Long ago, in the world of video gaming, there was an onrush of independent video games being made, it seemed, at the time, like a good idea. Then came the North American video game crash of ’83.

The industry nearly vanished under the double edged threat of video games being seen as nothing more than fads by stores and the market being flooded with too many low quality games. The third-party game industry was seen as the cause of the problems by many, including then Ninetndo president Hiroshi Yamauchi, who said: “Atari collapsed because they gave too much freedom to third-party developers and the market was swamped with rubbish games.”

It would seem like the independent game designer would have no hope of ever breaking into the console market, but not all hope was lost. PlayStation has made some efforts to reach out to the indipendent game deign community and allow for third party games to be developed for its system, even going so far as to provide a section in the PlayStation store where independent games can be categorized. On the PlayStation Blog last month they announced the Indie Games category in the PlayStation store. Finally indie game designers had a place where they were welcomed with open arms by the console market.

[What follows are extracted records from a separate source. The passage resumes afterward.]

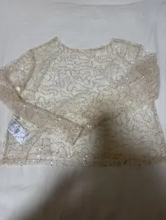 SENSE OF PLACE ブルー ラメ入り長袖 シアーハイネックトップス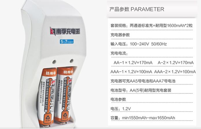 | 南孚充电王5号AA-2B+充电器 耐用型5号(AA) 南孚充电套装 充电器 |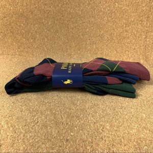 Polo Ralph Lauren Socks 3 Pairs Crew Cotton Argyle Stripe Solid Burgundy Navy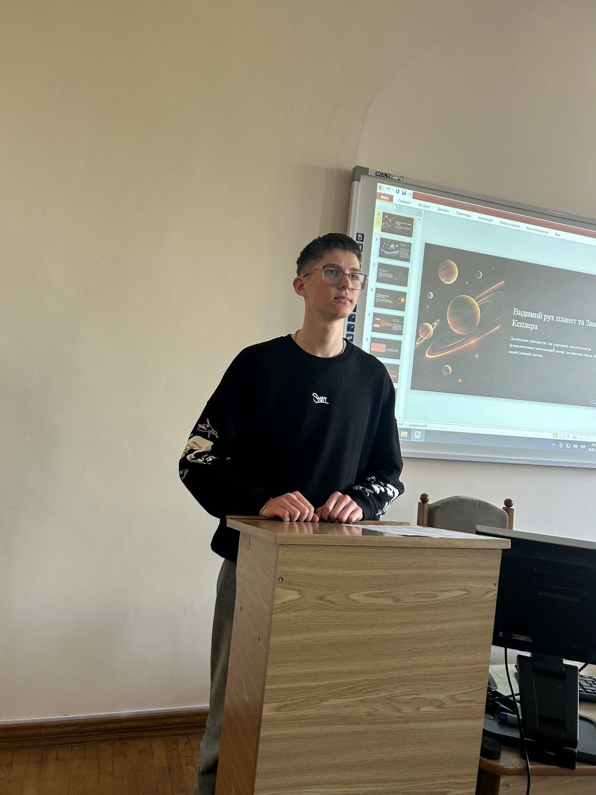 Цікавими і змістовними були презентації, які підготували студенти групи: «Астрономія - фундаментальна наука про Всесвіт» ( Трачук Марʼяна), «Від великого вибуху до сучасного Всесвіту»(Псюк Максим), «Видимий рух Сонця. Календарі»(Онишко Сергій), «Малі тіла Сонячної системи»(Мандзюк Валентин), «Наша Галактика» (Дунайчик Роман), «Планети- гіганти» (Харчишин Артур), «Сонце- наша Зірка, наше Життя» ((Людвіг Василина), «Планети земної групи» (Фещук Андрій), «Зорі: від народження до згасання» ( Куйдан Микола), «Видимий рух планет» (Швець Арсен).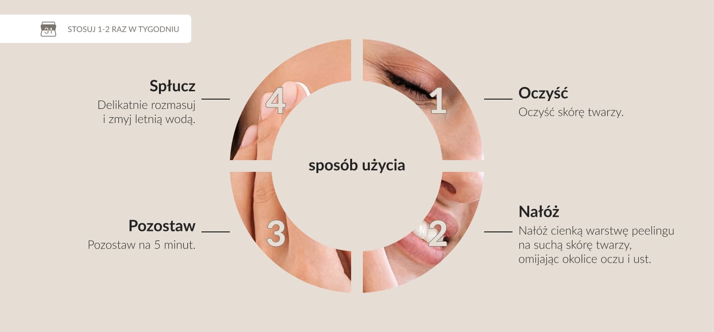 Nałóż cienką warstwę peelingu na oczyszczoną, suchą skórę twarzy, omijając okolice oczu i ust. Pozostaw na 5 minut, następnie delikatnie rozmasuj i dokładnie zmyj letnią wodą. Stosuj 1–2 razy w tygodniu lub według potrzeb skóry.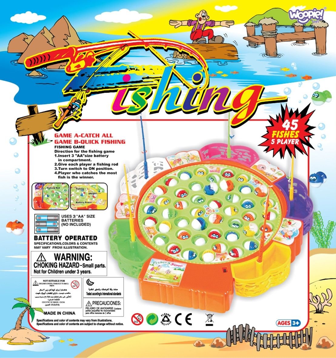 Žvejybos žaidimas – interaktyvus žaislas vaikams nuo 3 metų, tinkamas žaisti vienam ar su draugais. Sukasi žaidimo lenta su 45 žuvimis, kurios periodiškai atveria burnas – jas reikia pagauti su meškere. Rinkinį sudaro 5 meškerės, 5 žuvų krepšiai ir žaidimo lenta. Lavina smulkiąją motoriką, koncentraciją, refleksus, vikrumą ir moko sveikos konkurencijos.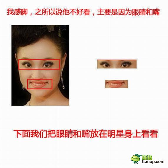 有网友分析,应该是眼睛和嘴的问题,现对比如下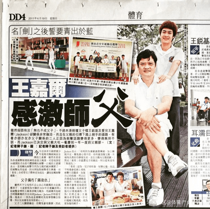 2011年,王嘉爾和父親一起登上香港媒體的體育版面

And it seems that the PlayStation 4 will be making it even easier for the indie developer to get their game in front of an audience. During their presentation at E3, Sony showed off several indie games that would release exclusively for the PlayStation 4 game console.  Sony states in a post to their blog that they are dedicated to allowing indie developers self publish on the PlayStation 4 console system.

PlayStation seems to be one of the few to embrace such an open idea for gaming, however, as the new XBox One will, from what I have read, not allow indie game distribution. A pity, since I think a lot of good can come from a more open market now that video gaming is better understood and is not likely to suffer the same sort of fate that occurred in 1983.